More than half of the roughly1,600 species on the endangered species list are plants, and extending payment schemes to protect them would help plug a big conservation gap. But scant money is available, and rules are often flouted. For instance, it is legal to kill listed plants “by accident.” Just a few million dollars could save scores of endangered Hawaiian plants, or the whitebark pine, a western tree that was denied a listing due solely to lack of funds, says Li.
The final step is to do a better job of enforcing compliance with the ESA by bringing monitoring into the information age. Regulators currently rely too much on visual inspections and other low-tech methods that are easily circumvented or blocked. When Li worked at Defenders of Wildlife, an environmental watchdog group, he used images from Landsat and Google Earth to catch oil drillers in west Texas working illegally on the protected habitat of the dunes sagebrush lizard.

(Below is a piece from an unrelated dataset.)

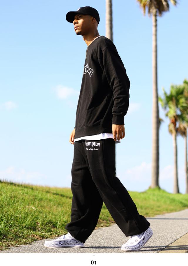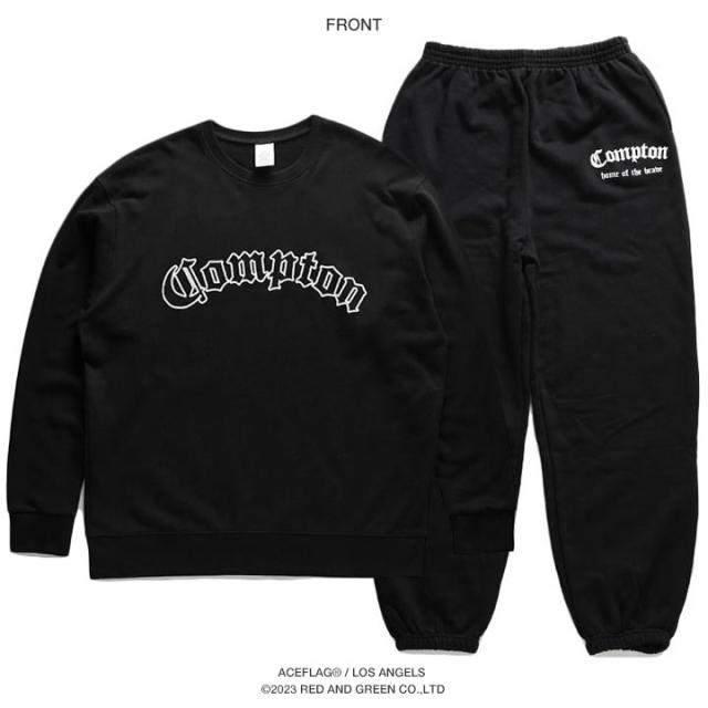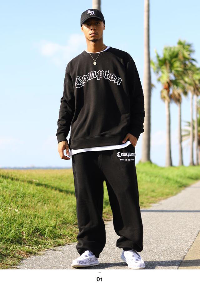 N.W.A.を輩出し、Straight Outta Comptonの舞台としても知られている「Compton」をドロップした(上)がトレーナ—、(下)がスウェットロングパンツの上下セット。

A big reason why the ESA is still so popular, despite its problems, is that it taps into a near-universal value: No one wants to kill an animal that’s near extinction. To avoid partisanship, people on all sides need to be active participants in protecting species. Maybe environmentalists should stop thinking like activists and start thinking like engineers, says Male. “Engineers are constantly open to tinkering. Everything we do, there is a way to do it better. The planet’s changing really fast. Who’s focused on making sure that conservation changes at the speed of the planet?”